The Failure Theme

A Passage from Luminous Airplanes, or Things As They Were: A Hyperromance


Here we come to what I guess is already pretty obvious: the failure theme of this work. Having failed to solve the problem of myself in the book Luminous Airplanes, which, God help you, you may already have read (and if you haven’t, why not order a copy?), I began this Commentary, which seemed like the answer to all my troubles: an infinite space into which to pour my infinite complaint. I am now (i.e. in May 2011, so it’s unlikely you have read my book yet) coming to the distressing realization that what I have extended into the electrosphere is going to be (at most) half-formed, not so much the demonstration of a new way of telling stories or flushing the individual head of toxic memory as a false step on the road to the invention of same. Did you follow that last sentence? The executive summary: this Commentary is not (as I wrote many years ago in an ecstatic moment) “the literary equivalent of the airplane.” It is the literary equivalent of a giant steam-powered bat, which no amount of tinkering or wishful thought will get off the ground.
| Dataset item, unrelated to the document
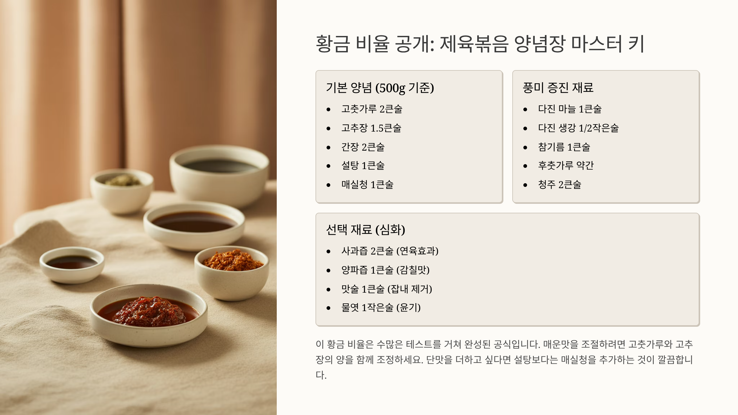 성공적인 제육볶음의 90%는 **양념장의 황금 비율**에 달려있습니다. 여러 전문가의 레시피를 분석하고 최신 트렌드를 반영한 결과, 대중적으로 가장 좋은 평가를 받는 핵심 비율은 **고추장, 고춧가루, 간장, 당류(설탕/물엿)**의 조화에 있습니다. 특히 최근에는 고추장의 양을 줄이고 고춧가루의 비율을 높여 **깔끔한 매운맛과 색감**을 살리는 것이 대세입니다. 또한, **간 마늘과 생강즙(혹은 후추)**이 고기의 잡내를 잡고 깊은 풍미를 끌어올리는 핵심 조연 역할을 합니다. 간장 대신 **액젓을 소량** 넣어 감칠맛을 폭발시키는 팁도 빼놓을 수 없습니다. 아래 표는 돼지고기 앞다리살 600g 기준, 가장 신뢰도 높은 황금 비율을 정리한 것입니다.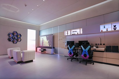 興趣空間|次元宇宙的聲光結(jié)界。這里是對(duì)Z世代多元熱愛的高光致敬,電競、觀影、手辦、運(yùn)動(dòng)等全部容納其中。立體燈光設(shè)計(jì)可組合N種情緒方案:駿逸模式下挑馬術(shù)裝備清晰可見;霆決模式下電競區(qū)光影躍動(dòng),潮玩柜同步點(diǎn)亮。激光投影與幕布從柜內(nèi)緩緩升起,“能量補(bǔ)給站”冰飲隨手可取。洞洞板單孔承重20kg,健身器材輕松懸掛;多巴胺背板隨音樂律動(dòng),深淵鏡線條燈光讓潮玩成為空間主角——這里是年輕人的聲光結(jié)界,讓思緒一鍵放空。

What am I understanding, by writing these comments? What are you understanding? Nothing, it seems to me, except that maybe we’re both learning the limits of my capacity to persist in fruitless endeavor. At best some better writer will slog through the coils of my hypertext (or, as my publisher would have it, immersive text), steal a couple of ideas from me, and publish what everyone will hail as the first really interesting use of the digital medium for the purpose of literature. At which point I will surely howl like every would-be inventor of the airplane before the Wright brothers: I was first! But you have my permission to disregard all my future howling on that subject.